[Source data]
···

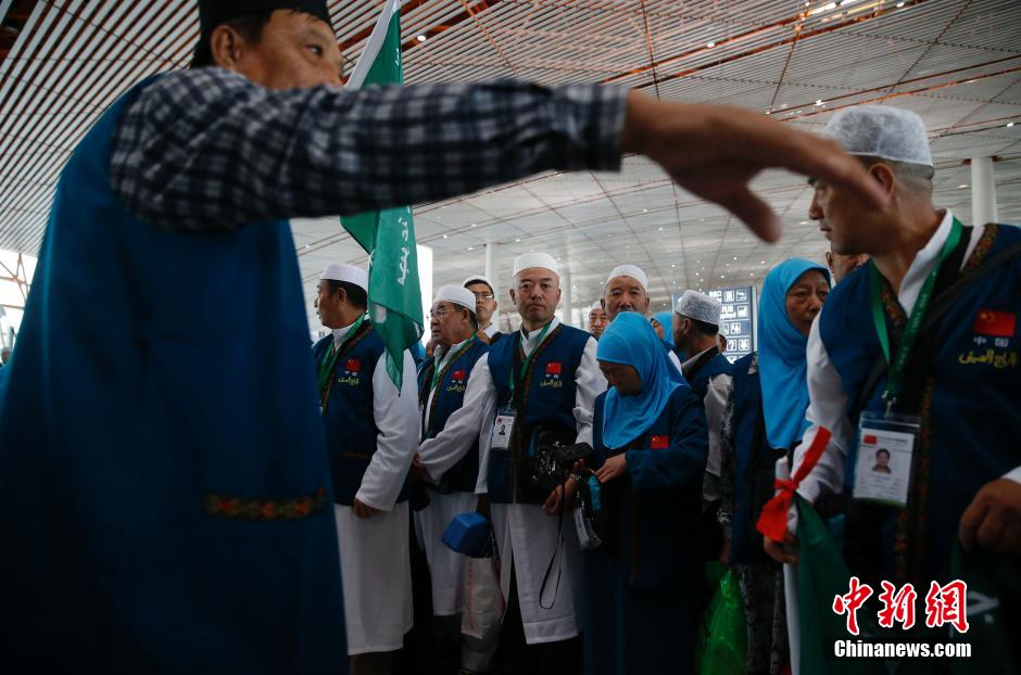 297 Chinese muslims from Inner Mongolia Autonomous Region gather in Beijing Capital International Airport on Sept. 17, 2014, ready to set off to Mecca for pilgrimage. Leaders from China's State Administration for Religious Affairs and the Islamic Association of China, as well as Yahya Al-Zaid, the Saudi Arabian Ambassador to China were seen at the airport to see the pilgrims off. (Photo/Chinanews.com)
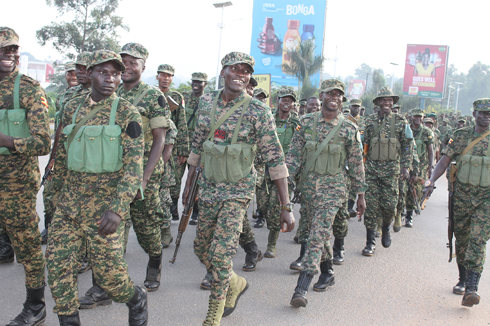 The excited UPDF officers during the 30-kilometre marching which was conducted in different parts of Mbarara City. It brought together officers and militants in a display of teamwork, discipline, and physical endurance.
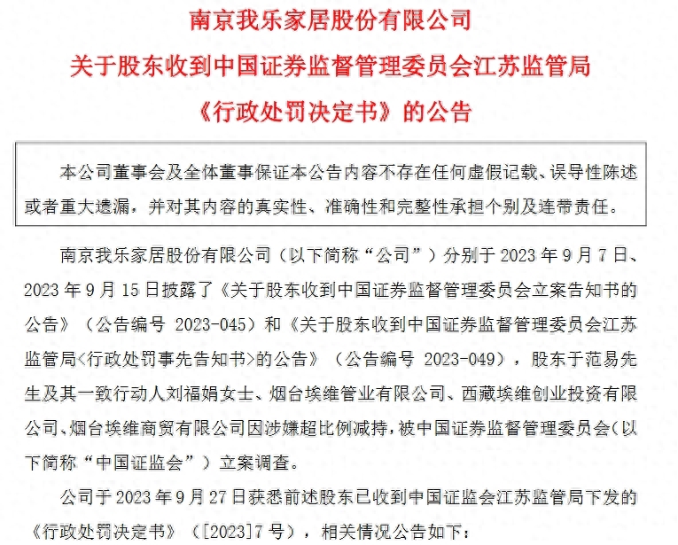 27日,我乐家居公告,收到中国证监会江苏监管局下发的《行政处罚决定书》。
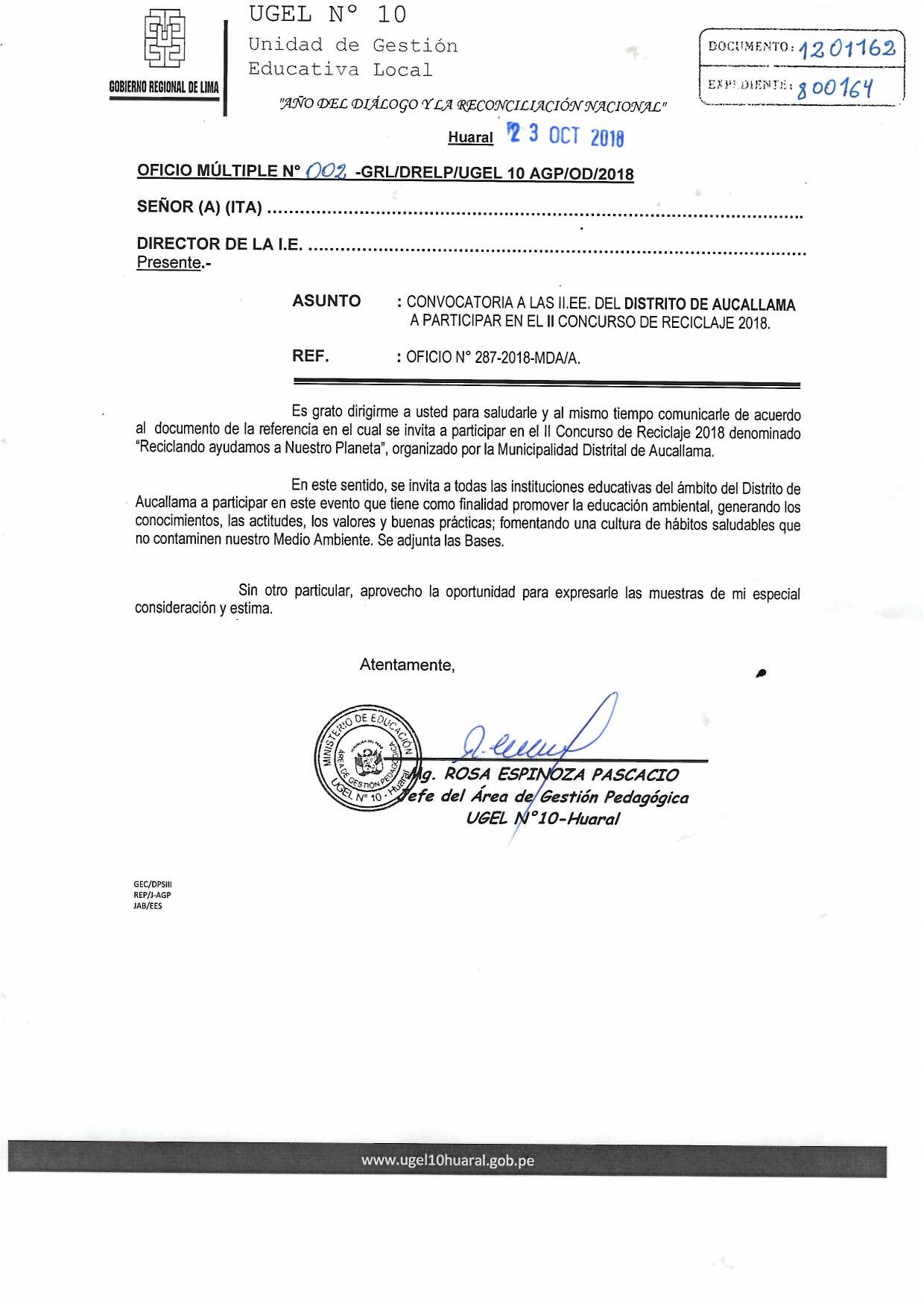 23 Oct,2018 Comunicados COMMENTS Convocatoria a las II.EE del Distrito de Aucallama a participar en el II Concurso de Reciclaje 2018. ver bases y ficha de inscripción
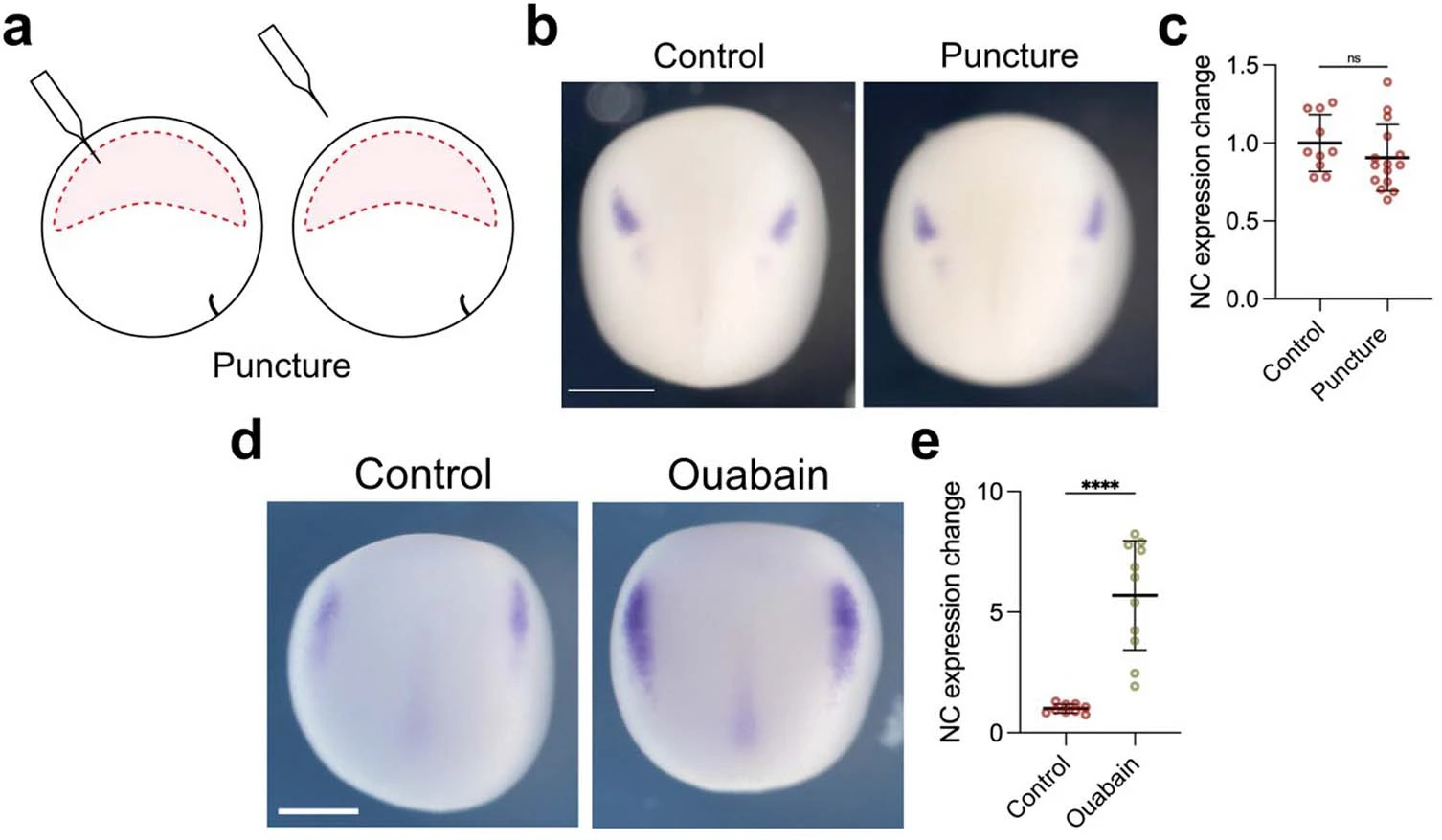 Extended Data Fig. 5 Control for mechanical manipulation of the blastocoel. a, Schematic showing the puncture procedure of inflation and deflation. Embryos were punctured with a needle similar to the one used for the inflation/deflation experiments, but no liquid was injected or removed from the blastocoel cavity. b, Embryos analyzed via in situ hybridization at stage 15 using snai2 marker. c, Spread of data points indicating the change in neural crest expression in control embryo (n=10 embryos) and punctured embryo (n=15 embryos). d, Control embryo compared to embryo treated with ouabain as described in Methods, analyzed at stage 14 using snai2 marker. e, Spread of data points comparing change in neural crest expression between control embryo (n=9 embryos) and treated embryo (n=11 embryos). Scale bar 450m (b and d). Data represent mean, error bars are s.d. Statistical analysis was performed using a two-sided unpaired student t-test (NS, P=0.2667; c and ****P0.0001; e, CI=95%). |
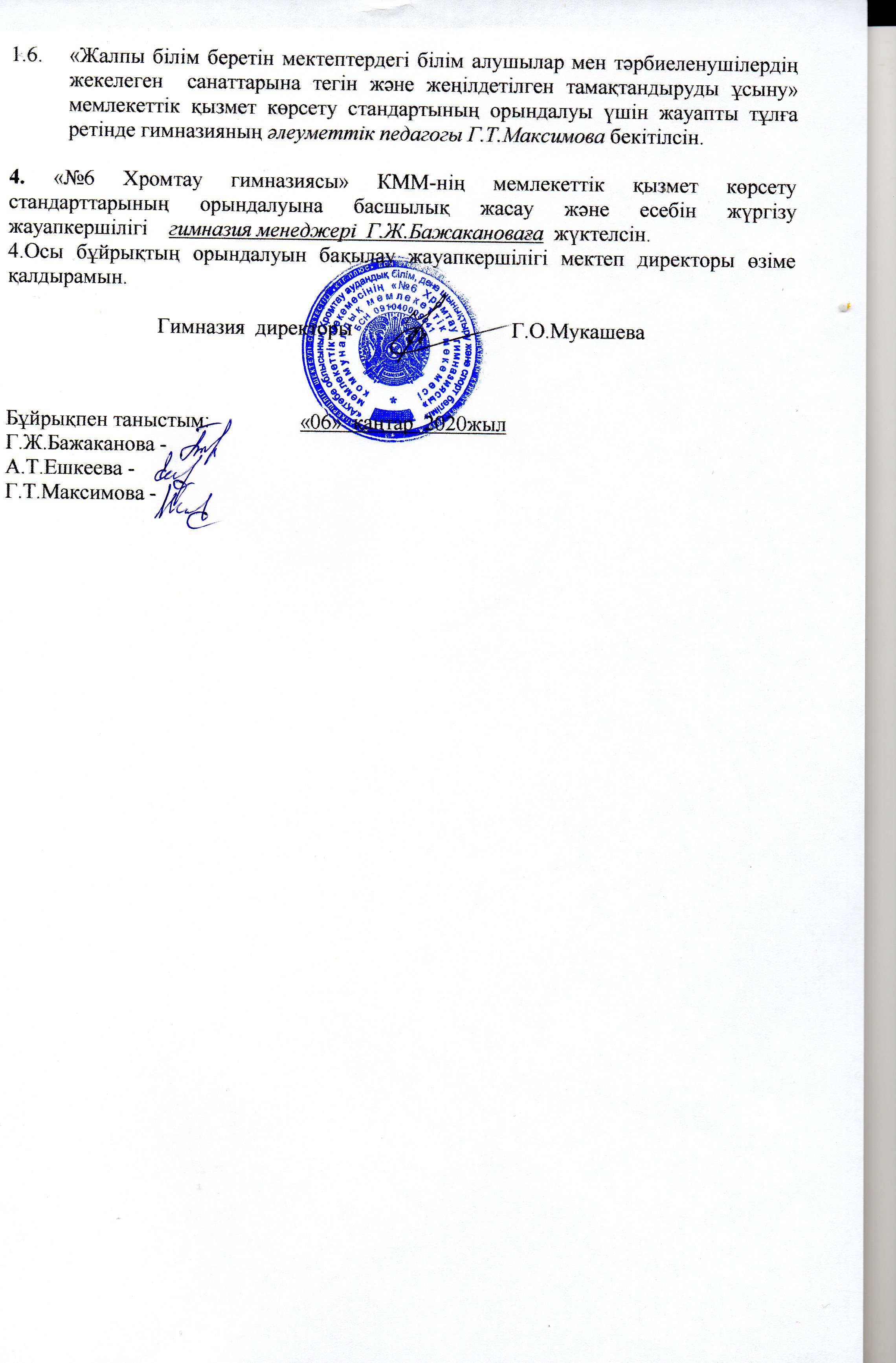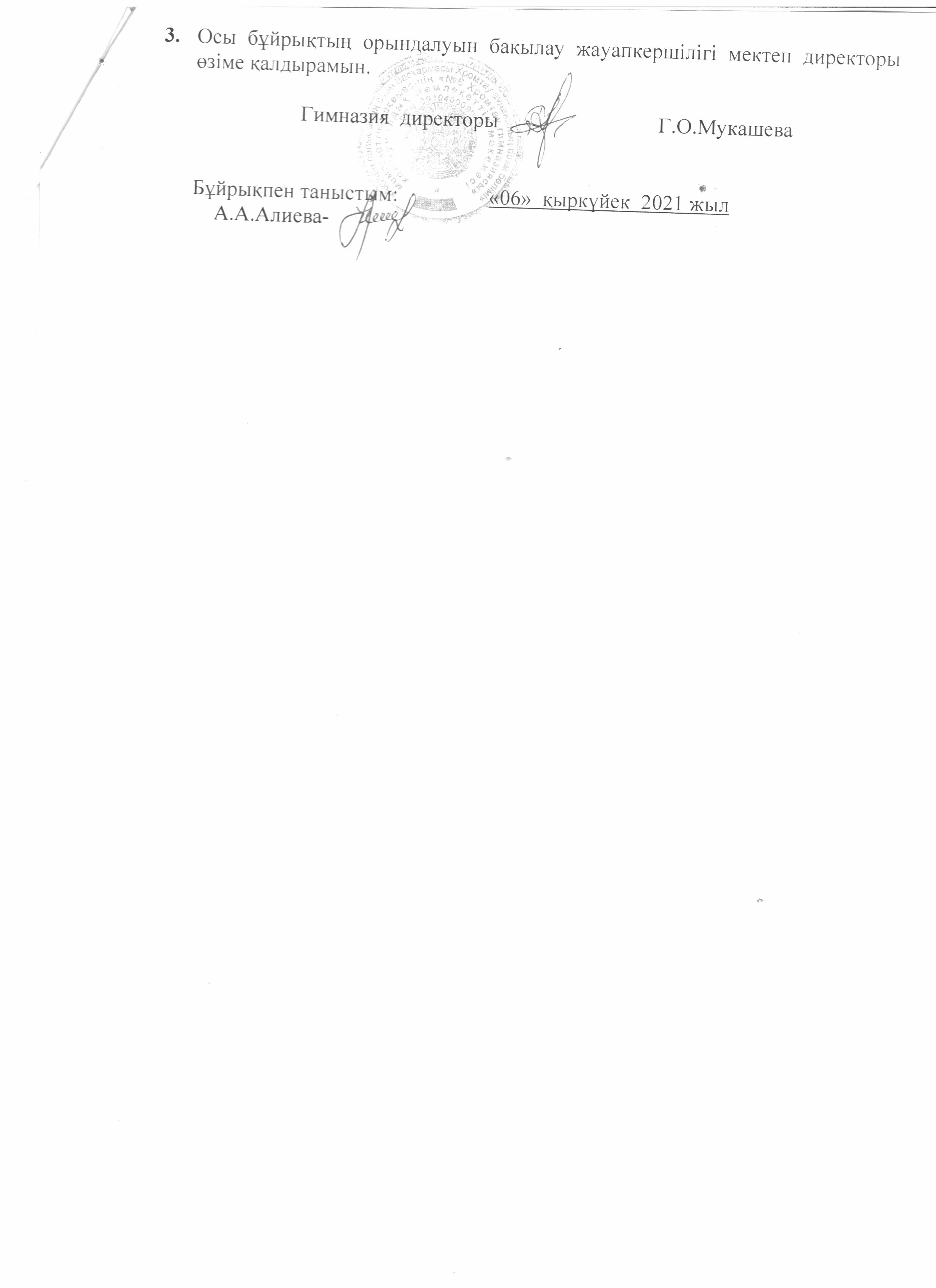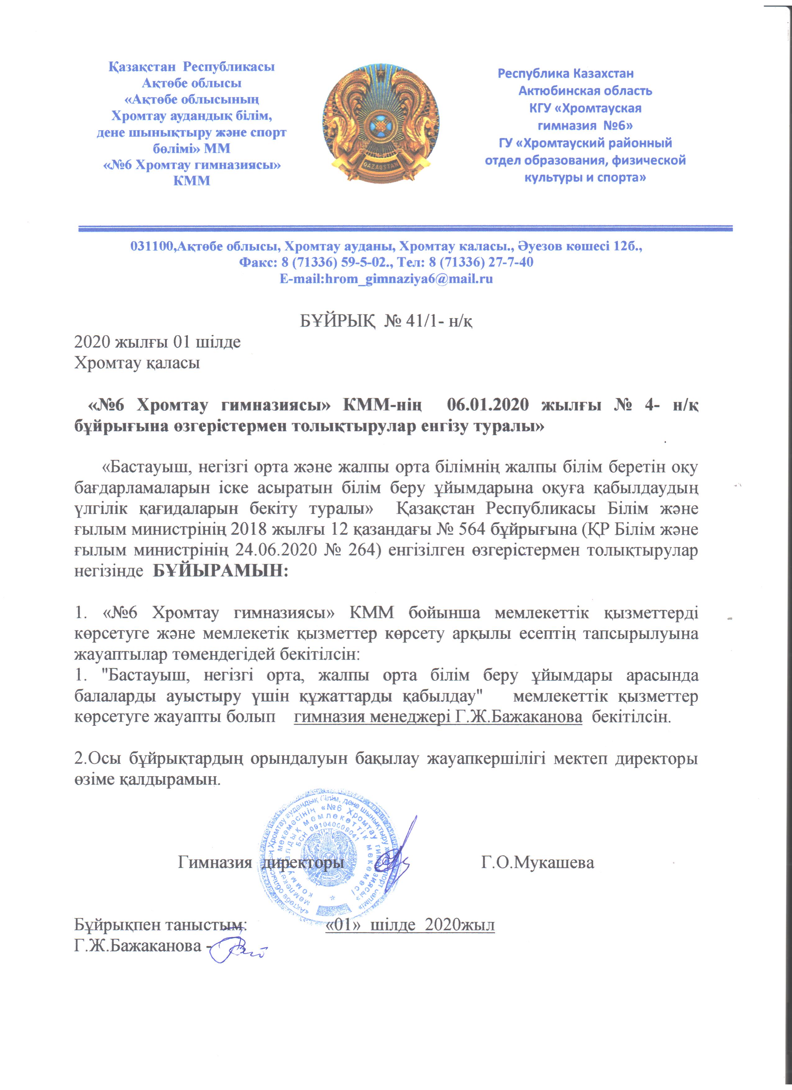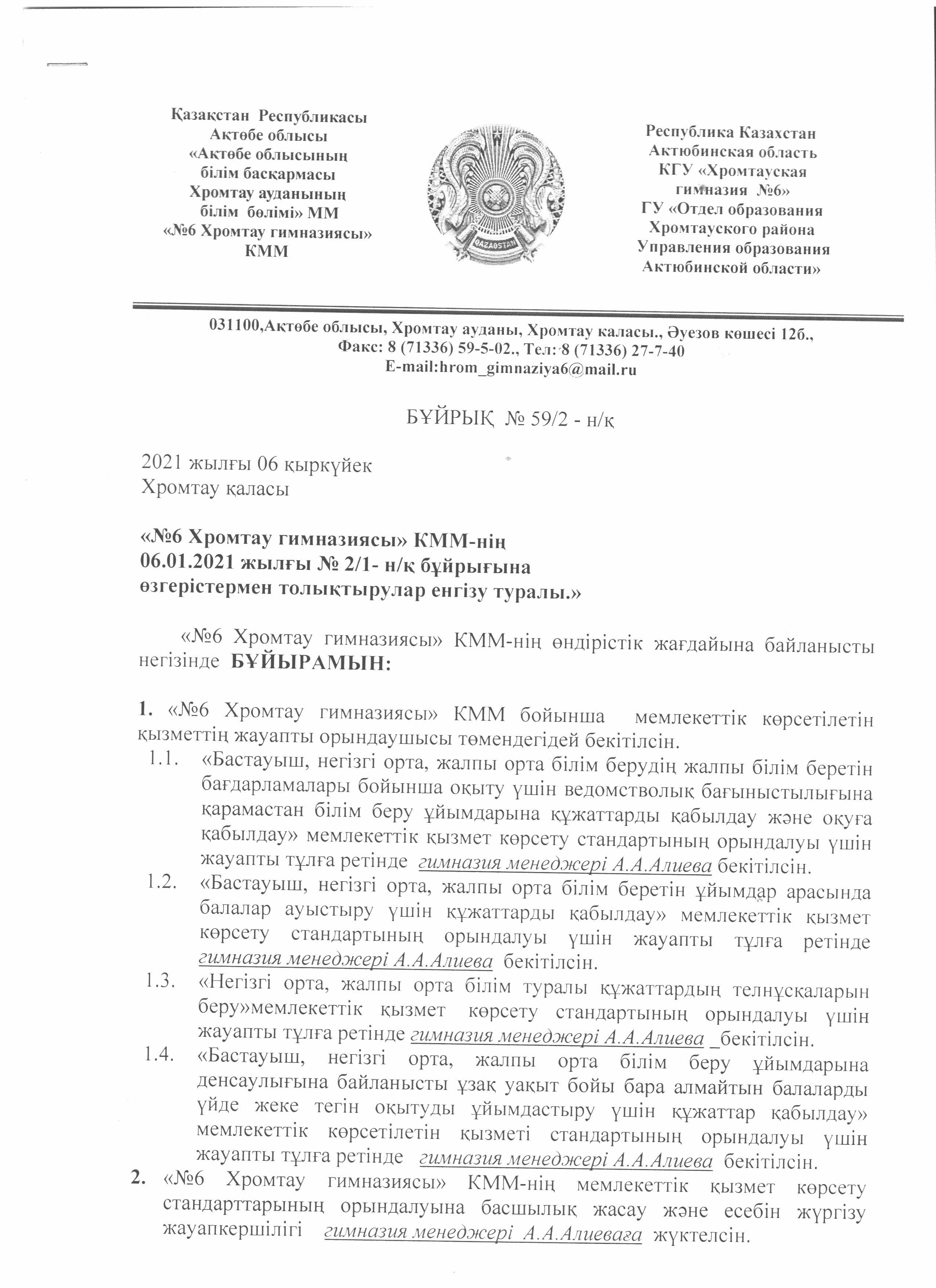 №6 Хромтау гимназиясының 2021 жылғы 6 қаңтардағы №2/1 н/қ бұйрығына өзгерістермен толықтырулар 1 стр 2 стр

···

| Exercise objective |
Without the pictures, copy the entries from their first line through the line containing "23 Oct,2018 Comunicados", and only those lines.

| Finished exercise |
 297 Chinese muslims from Inner Mongolia Autonomous Region gather in Beijing Capital International Airport on Sept. 17, 2014, ready to set off to Mecca for pilgrimage. Leaders from China's State Administration for Religious Affairs and the Islamic Association of China, as well as Yahya Al-Zaid, the Saudi Arabian Ambassador to China were seen at the airport to see the pilgrims off. (Photo/Chinanews.com)
 The excited UPDF officers during the 30-kilometre marching which was conducted in different parts of Mbarara City. It brought together officers and militants in a display of teamwork, discipline, and physical endurance.
 27日,我乐家居公告,收到中国证监会江苏监管局下发的《行政处罚决定书》。
 23 Oct,2018 Comunicados COMMENTS Convocatoria a las II.EE del Distrito de Aucallama a participar en el II Concurso de Reciclaje 2018. ver bases y ficha de inscripción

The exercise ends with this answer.